— Goal of the exercise —
Beginning at the line that contains "Minimalist Adjustable Height" and finishing at the line that contains "Państwowa Rada ochrony", output the data below exactly. Include both end lines and no pictures.
(Beginning of Given entries)
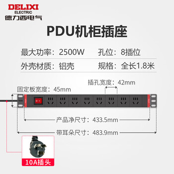 德力西(DELIXI)PDU机柜桌面电竞插座/插线板/插排/排插/接线板/拖线板 8位总控开关全长1.8米
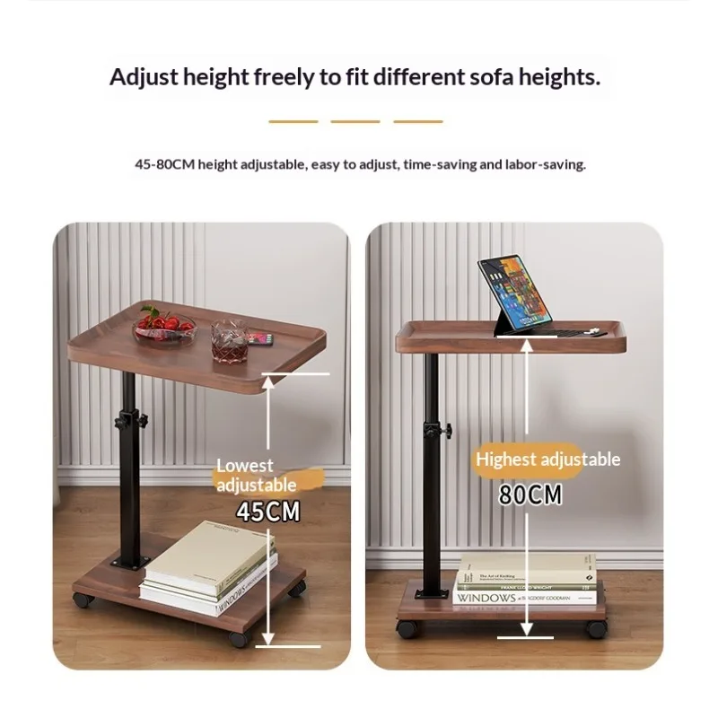 Minimalist Adjustable Height Bedside Table Nightstand Rolling Side Table Bedside Cabinet Drawer Bedroom Storage Small Cabinet
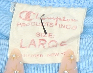 Champion Men's Blue Cotton T-Shirt, L, Embroidered, Casual
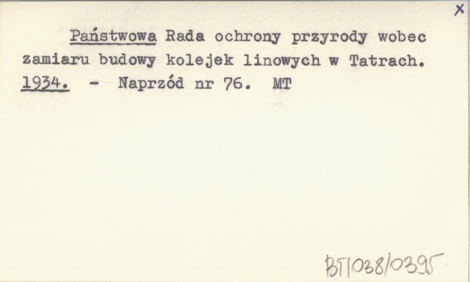 Państwowa Rada ochrony przyrody wobec zamiaru budowy kolejek linowych w Tatrach. 1934
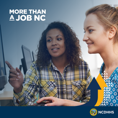 | More Than a Job NC Caption: Need help meeting SNAP work requirements? More Than a Job NC offers free job training, education programs, and work opportunities. Ask your caseworker or visit ncdhhs.gov/morethanajob. |
(End of Given entries)
— Answer section —
 Minimalist Adjustable Height Bedside Table Nightstand Rolling Side Table Bedside Cabinet Drawer Bedroom Storage Small Cabinet
 Champion Men's Blue Cotton T-Shirt, L, Embroidered, Casual
 Państwowa Rada ochrony przyrody wobec zamiaru budowy kolejek linowych w Tatrach. 1934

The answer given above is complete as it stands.